First published in Daily Maverick 168.

On paper the SABC’s overall mission is unimpeachable. As veteran broadcaster David Smith points out, of the 10 most-listened-to radio stations in the country, nine are run by the SABC. They are almost all vernacular stations that probably wouldn’t exist if it weren’t for the SABC’s system of cross-subsidising. On television, the SABC produces four of the top five most-popular programmes.

But that is only one side of the story. I spoke this week to SABC’s chief operating officer, Ian Plaatjies, and his confidence in the SABC’s overall product is extremely high. That surprised me because, perhaps like so many other people in South Africa’s middle class, I have long ago drifted away.
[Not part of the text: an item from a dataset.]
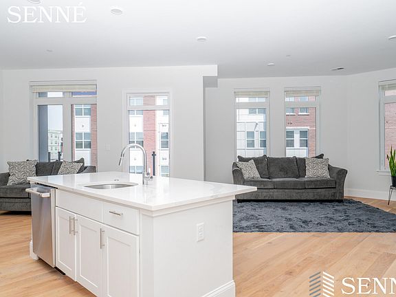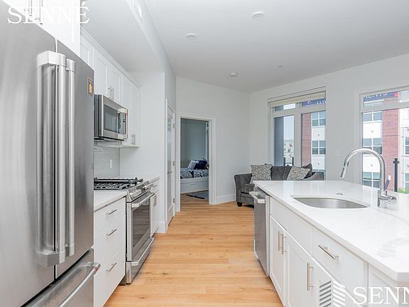 Unit 304 at The Brook is a spacious three-bedroom, 2-bathroom apartment with a private balcony. Oversized windows let in natural light that spreads throughout the open concept floor plan and warms the Sawyer Mason wide plank wood flooring. The quartz countertops and the GE Cafe appliance package in the kitchen will please any home chef. A multi-functional kitchen island connects the living and dining area for storage and flexibility. All residents of The Brook have access to the building's amenities, including a dog wash, bike storage, available garage parking, and a roof deck with amazing sunrise/sunset views. Just minutes from the Alewife MBTA station, Route 2, and all that Greater Boston has to offer. Photos of another unit, see virtual tour of unit #304.

Offend no one, please no one

The SABC has popular productions, but generally they are soap operas. News production is occasionally good, but generally basic and flat. It seems it’s trying so hard to offend no one that it is unable to please anyone.

Presumably this is because it had become a mouthpiece for a faction within government during the Jacob Zuma/Hlaudi Motsoeneng era, a terrible cross to bear.

Rebuilding a tarnished brand is massively difficult. What happened during the Hlaudi era was inevitable: advertisers deserted the SABC and it began a downward spiral. That ended up in a begging bowl extended to the government, resulting in a R3.2-billion bailout in 2019.

The management has the thankless task of trying to put the pieces back together, made more difficult by the lockdown. This week, it announced its results in Parliament and listed a R500-million net deficit, which is actually an improvement on last year. But Plaatjies told me this improvement is set to go into reverse in a serious way over the coming year, because the lockdown meant advertising dried up in the early part of 2020.

Culture of non-payment

So now begins the horrible process of staff reduction, which tends to undercut morale, which then reduces the quality of the product, which then reduces advertising.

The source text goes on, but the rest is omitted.